The answer must be an exact copy of the entries below, with no images in it.

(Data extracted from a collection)
=-=-=-=-=

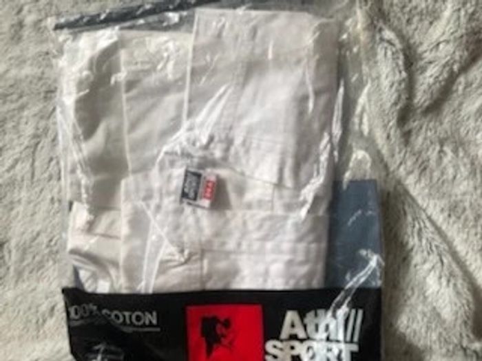 Tenue de judo neuve jamais portée Pantalon et veste. + ceinture blanche 100 % coton Taille : 6-7 ans Prix 14 € #sisterkayafille6ans #sisterkayafille7ans #sisterkayagarçon6ans #sisterkayagarçon7ans Réf : e. 00
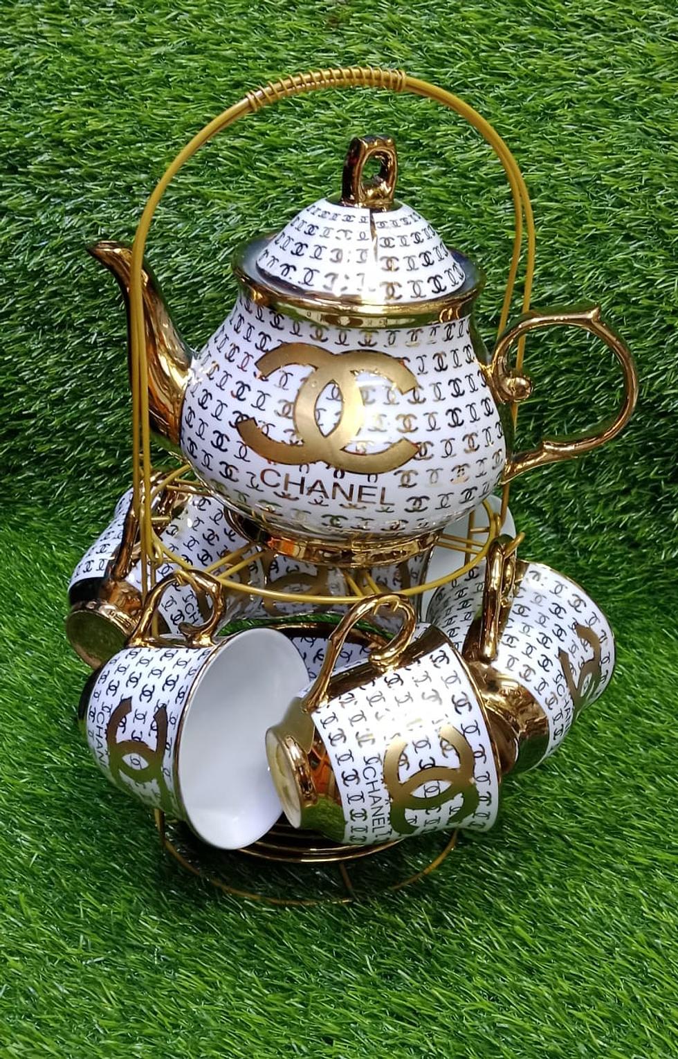 This tea set typically includes a teapot with a lid and multiple cups, often accompanied by saucers and a stand for display and storage. The set features a white and gold color scheme with prominent "CHANEL" branding and the iconic interlocking C logo repeated across the surfaces of the teapot and cups. The teapot has a capacity of around 500ml, and each cup holds approximately 100ml. The set is designed for serving tea and can be used for decorative purposes or for hosting tea gatherings
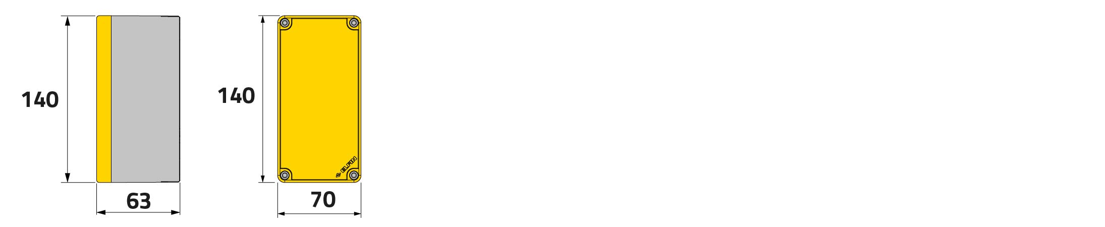 Caja pulsadora in PA + fibra de vidrio 70x140x63, sin orificios, amarillo
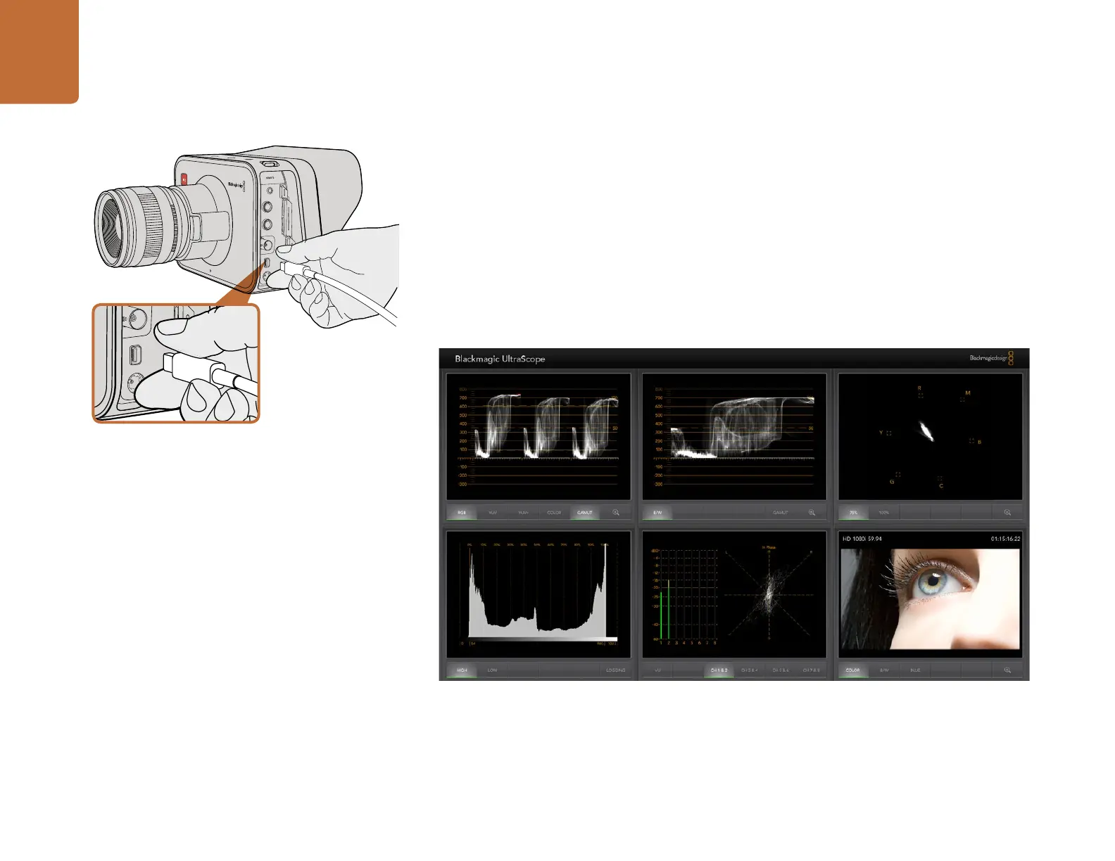 de onda de la cámara durante la grabación y la reproducción. Blackmagic UltraScope permite controlar casi
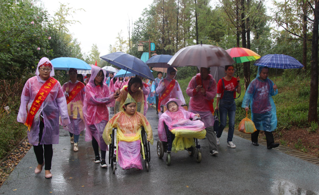 “愛使我們?cè)谝黄?,我們手拉手;愛是我們的回答,面?duì)挑戰(zhàn);希望是我們的祝福,手拉手、心相連,我們是一家人。”愛心志愿者們?nèi)宄扇?,沿著既定的線路徒步前行,大家或打著雨傘、或穿著雨衣,以眼神鼓勁,用微笑問候,憑借著堅(jiān)韌的意志和奉獻(xiàn)愛心的渴望,全部走完既定的環(huán)公園路程,安全返回,互致勝利的祝福,并合影紀(jì)念。
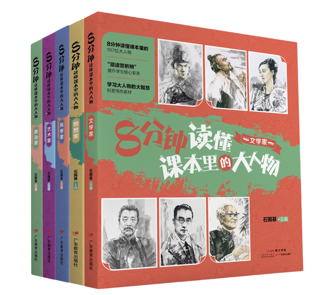 《8 分钟读懂课本里的大人物》收录的皆是中小学课本中的重要名人,划分为“政治家”“思想家”“科学家”“艺术家”“文学家”五册。
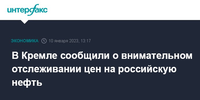 Москва. 10 января. INTERFAX.RU - В российском правительстве, в первую очередь вице-премьер Александр Новак и Министерство энергетики, внимательно отслеживают изменения цен на российскую нефть, заявил пресс-секретарь Владимира Путина Дмитрий Песков.
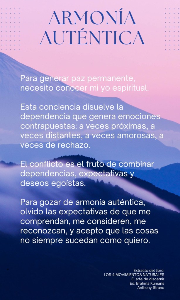 Para gozar de armonía auténtica, olvido las expectativas de que me comprendan, me consideren, me reconozcan, y acepto que las cosas no siempre sucedan como quiero.
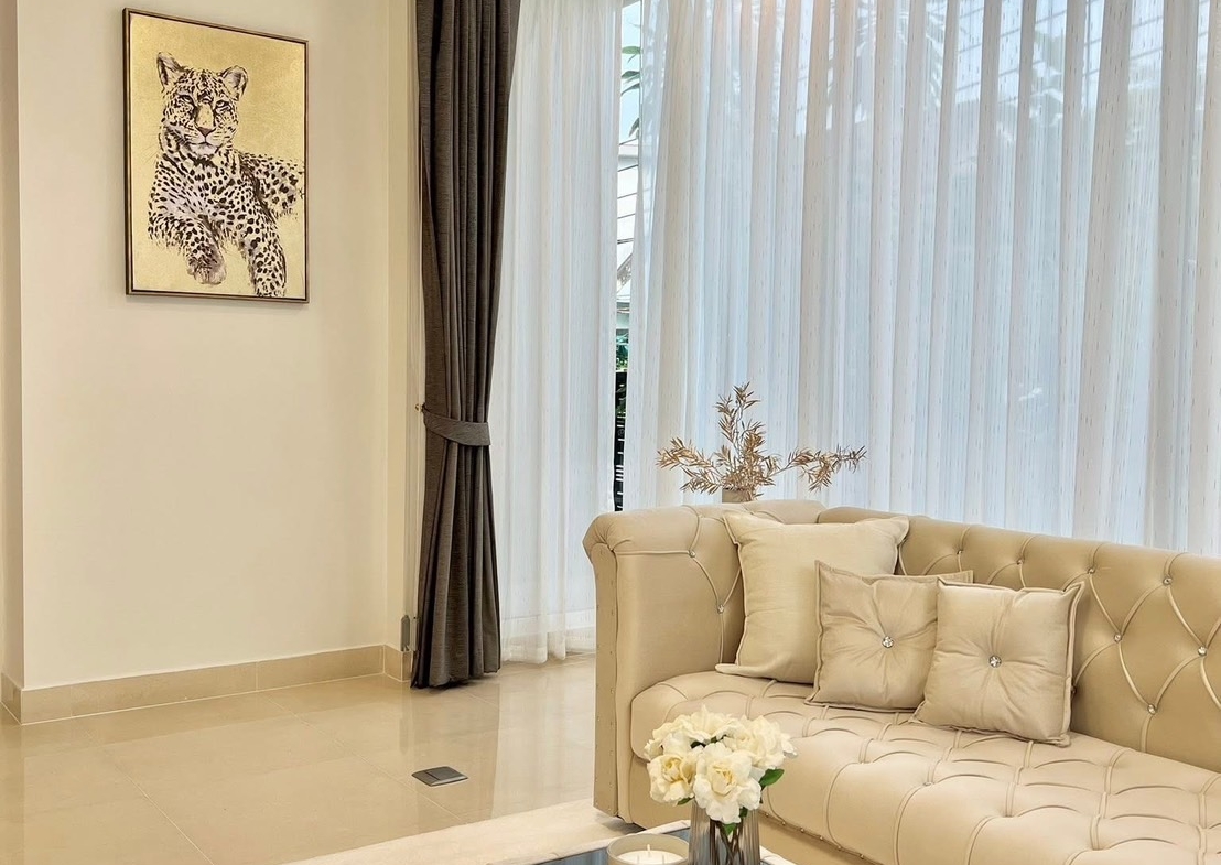 • ห้องนั่งเล่นหรูหรา เพดานสูง
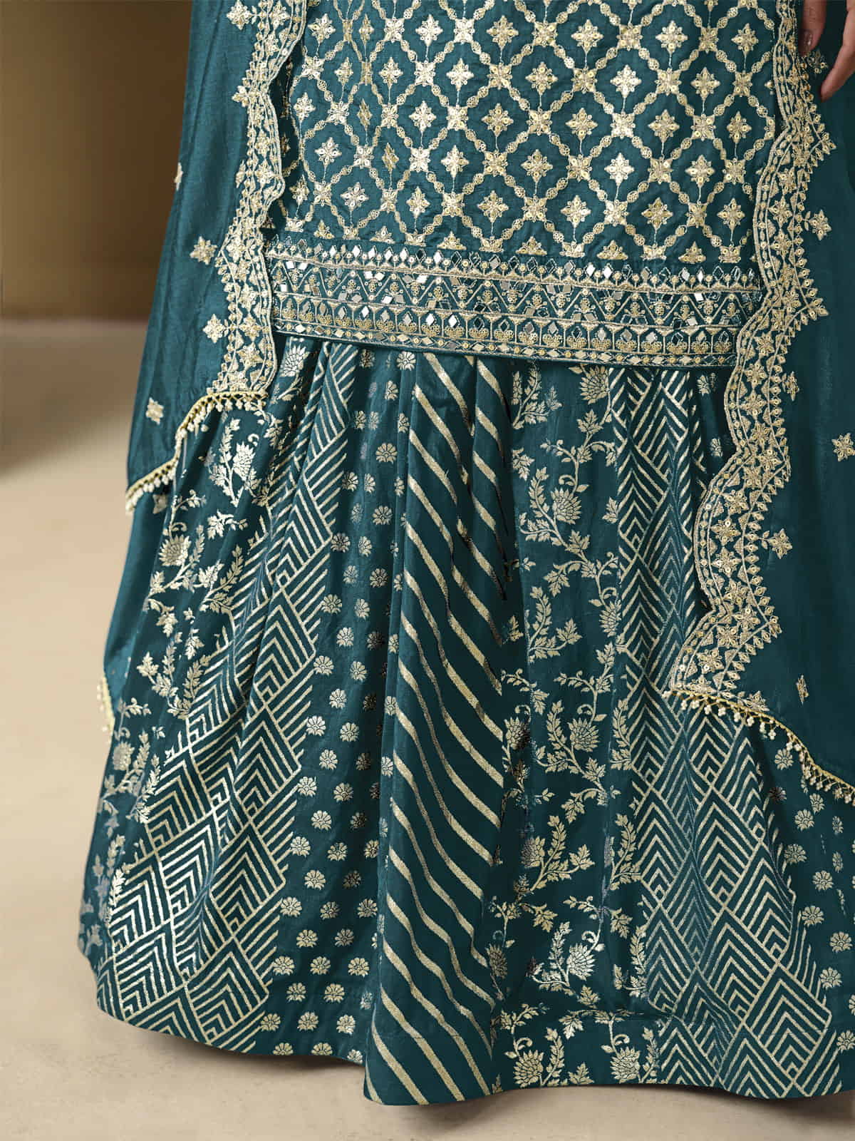 This Teal Embroidered Silk Lehenga Set from Inddus is crafted in art silk jacquard with a poly shantoon lining, offering both elegance and comfort. Detailed with intricate resham embroidery, sequins, and mirror work, it showcases exquisite floral and ornamental motifs. The round-neck kameez with quarter sleeves pairs beautifully with the scalloped dupatta, creating a refined ensemble perfect for formal occasions. Please note, slight color variations may occur due to lighting or screen settings.

=-=-=-=-=

WRITTEN SOLUTION:
 Tenue de judo neuve jamais portée Pantalon et veste. + ceinture blanche 100 % coton Taille : 6-7 ans Prix 14 € #sisterkayafille6ans #sisterkayafille7ans #sisterkayagarçon6ans #sisterkayagarçon7ans Réf : e. 00
 This tea set typically includes a teapot with a lid and multiple cups, often accompanied by saucers and a stand for display and storage. The set features a white and gold color scheme with prominent "CHANEL" branding and the iconic interlocking C logo repeated across the surfaces of the teapot and cups. The teapot has a capacity of around 500ml, and each cup holds approximately 100ml. The set is designed for serving tea and can be used for decorative purposes or for hosting tea gatherings
 Caja pulsadora in PA + fibra de vidrio 70x140x63, sin orificios, amarillo
 de onda de la cámara durante la grabación y la reproducción. Blackmagic UltraScope permite controlar casi
 “愛使我們?cè)谝黄?,我們手拉手;愛是我們的回答,面?duì)挑戰(zhàn);希望是我們的祝福,手拉手、心相連,我們是一家人。”愛心志愿者們?nèi)宄扇?,沿著既定的線路徒步前行,大家或打著雨傘、或穿著雨衣,以眼神鼓勁,用微笑問候,憑借著堅(jiān)韌的意志和奉獻(xiàn)愛心的渴望,全部走完既定的環(huán)公園路程,安全返回,互致勝利的祝福,并合影紀(jì)念。
 《8 分钟读懂课本里的大人物》收录的皆是中小学课本中的重要名人,划分为“政治家”“思想家”“科学家”“艺术家”“文学家”五册。
 Москва. 10 января. INTERFAX.RU - В российском правительстве, в первую очередь вице-премьер Александр Новак и Министерство энергетики, внимательно отслеживают изменения цен на российскую нефть, заявил пресс-секретарь Владимира Путина Дмитрий Песков.
 Para gozar de armonía auténtica, olvido las expectativas de que me comprendan, me consideren, me reconozcan, y acepto que las cosas no siempre sucedan como quiero.
 • ห้องนั่งเล่นหรูหรา เพดานสูง
 This Teal Embroidered Silk Lehenga Set from Inddus is crafted in art silk jacquard with a poly shantoon lining, offering both elegance and comfort. Detailed with intricate resham embroidery, sequins, and mirror work, it showcases exquisite floral and ornamental motifs. The round-neck kameez with quarter sleeves pairs beautifully with the scalloped dupatta, creating a refined ensemble perfect for formal occasions. Please note, slight color variations may occur due to lighting or screen settings.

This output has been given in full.